10.Glial Cell Line-Derived Neurotrophic Factor, S-100 Protein and Synaptophysin Expression in Biliary Atresia Gallbladder Tissue
Semra GÜRÜNLÜOĞLU ; Canan CERAN ; Kubilay GÜRÜNLÜOĞLU ; Alper KOÇBIYIK ; Mehmet GÜL ; Turan YILDIZ ; Harika Gözükara BAĞ ; Semir GÜL ; Aytaç TAŞÇI ; Ercan BAYRAKÇI ; Necmettin AKPINAR ; Ecem Serbest ÇIN ; Hasan ATEŞ ; Mehmet DEMIRCAN
Pediatric Gastroenterology, Hepatology & Nutrition 2021;24(2):173-186
Purpose:
Biliary atresia (BA) is a disease that manifests as jaundice after birth and leads to progressive destruction of the ductal system in the liver. The aim of this study was to investigate histopathological changes and immunohistochemically examine the expression of glial cell line-derived neurotrophic factor (GDNF), synaptophysin, and S-100 protein in the gallbladder of BA patients.
Methods:
The study included a BA group of 29 patients and a control group of 41 children with cholecystectomy. Gallbladder tissue removed during surgery was obtained and examined immunohistochemically and histopathologically. Tissue samples of both groups were immunohistochemically assessed in terms of GDNF, S-100 protein, and synaptophysin expression. Expression was classified as present or absent. Inflammatory activity assessment with hematoxylin and eosin staining and fibrosis assessment with Masson's trichrome staining were performed for tissue sample sections of both groups.
Results:
Ganglion cells were not present in gallbladder tissue samples of the BA group.Immunohistochemically, GDNF, synaptophysin, and S-100 expression was not detected in the BA group.
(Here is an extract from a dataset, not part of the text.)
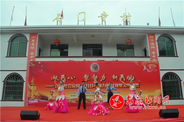 活動對石門寺村涌現(xiàn)出的3名優(yōu)秀共產(chǎn)黨員、3名脫貧攻堅自強標兵、3名文明衛(wèi)生示范戶、2名好婆婆和2名好媳婦進行了表彰。活動文藝節(jié)目演出在舞蹈《盛世歡歌》中拉開序幕,巡特警大隊民警表演的《擒敵拳》《硬氣功》,虎虎生威、技驚四座,讓群眾見證了漢陰公安維護平安的本領(lǐng)和力量;交警大隊表演的《交警指揮手勢操》整齊劃一,既向群眾宣傳了交通安全知識,又體現(xiàn)了交警規(guī)范執(zhí)法執(zhí)勤水平;在《警犬演練》中,警犬歐巴、華仔登場,分別進行了服從、搜毒、反暴恐等科目表演,展現(xiàn)了漢陰公安警犬中隊從無到有、從有到精的變化;巡特警大隊民警劉鵬表演的獨唱《父親》和城關(guān)派出所民警表演的三句半《警民共奏扶貧曲》情感豐富、寓教于樂,深受群眾喜愛;歌舞《陜南民歌聯(lián)唱》和《漢陰,我可愛的家鄉(xiāng)》,歌聲悠揚、舞姿優(yōu)美,贏得現(xiàn)場觀眾陣陣掌聲。

Histopathological examination revealed more frequent fibrosis and slightly higher inflammatory activity in the BA than in the control group.
Conclusion
We speculate that GDNF expression will no longer continue in this region, when the damage caused by inflammation of the extrahepatic bile ducts reaches a critical threshold. The study's findings may represent a missing link in the chain of events forming the etiology of BA and may be helpful in its diagnosis.